Tomizawa Yasuko
Department of Cardiovascular Surgery, Tokyo Women's Medical University, Tokyo, Japan.
Kyobu Geka. 2008 Jul;61(8 Suppl):636-9.
Since most of the facilities that conduct open heart surgery in Japan are small and do small numbers of cases each year, many modifications of circuit design in cardiopulmonary bypass (CPB) are commonly found in individual centers. In 2007, under the guidance of the Ministry of Health, Labour and Welfare, a committee consisting of members from 4 medical societies and 1 medical device manufacture association released the Japanese CPB guidelines. The aim was to standardize CPB hardware and software for patient safety and education. The guidelines include heart-lung machines, circuit designs, safety devices and monitoring equipment, perfusion practices, training and education of perfusionists, as well as emergency crisis drills and safety education.

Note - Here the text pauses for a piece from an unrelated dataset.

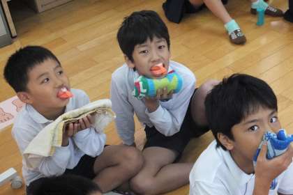 そのあと、保健室でフッ化物塗布をしました。「アッ、にが〜い!!でも、ツルツルになった!!」と、口を開けたまま話す児童もいました。
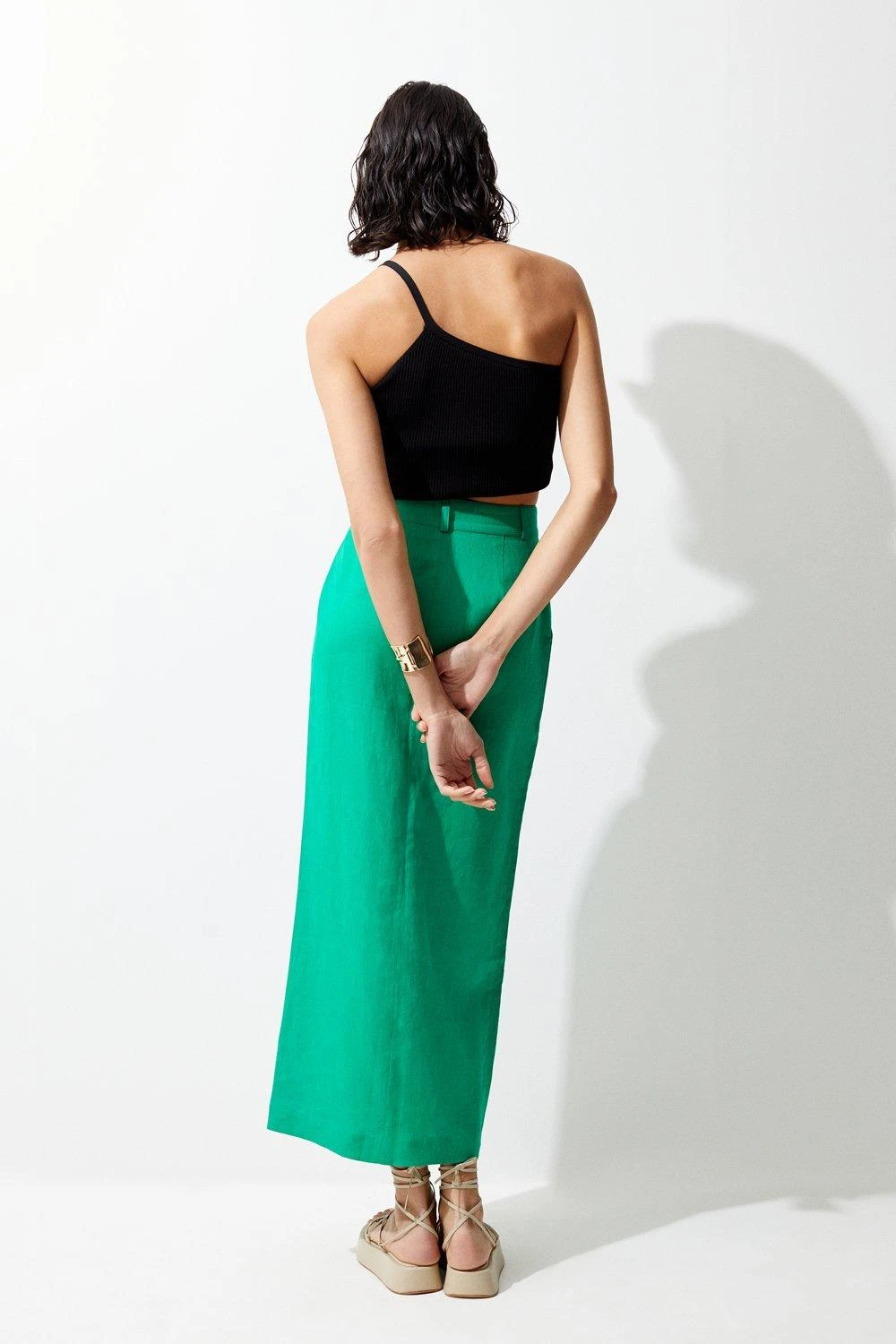 Karen Millen Linen Tailored Pencil Midi Skirt

To establish safe CPB performance, education of and team work between perfusionists and cardiac surgeons are most important. For the purpose of ensuring patient's safety during CPB, common and conceivable troubles as well as major accidents in the literature should be well studied, methods of prevention should be validated, and methods of "bail-out" from the trouble should be thoroughly practiced.
由于日本大多数开展心脏直视手术的机构规模较小,每年进行的手术病例数量也不多,因此在各个中心常见到许多体外循环(CPB)回路设计的改进。2007年,在厚生劳动省的指导下,一个由4个医学协会和1个医疗设备制造协会成员组成的委员会发布了日本体外循环指南。其目的是为了患者安全和教育,使体外循环的硬件和软件标准化。该指南包括心肺机、回路设计、安全装置和监测设备、灌注操作、灌注师的培训与教育,以及应急危机演练和安全教育。为实现安全的体外循环操作,灌注师与心脏外科医生之间的教育和团队协作最为重要。为确保体外循环期间患者的安全,应充分研究文献中常见和可想象到的问题以及重大事故,验证预防方法,并彻底演练从问题中“解脱”的方法。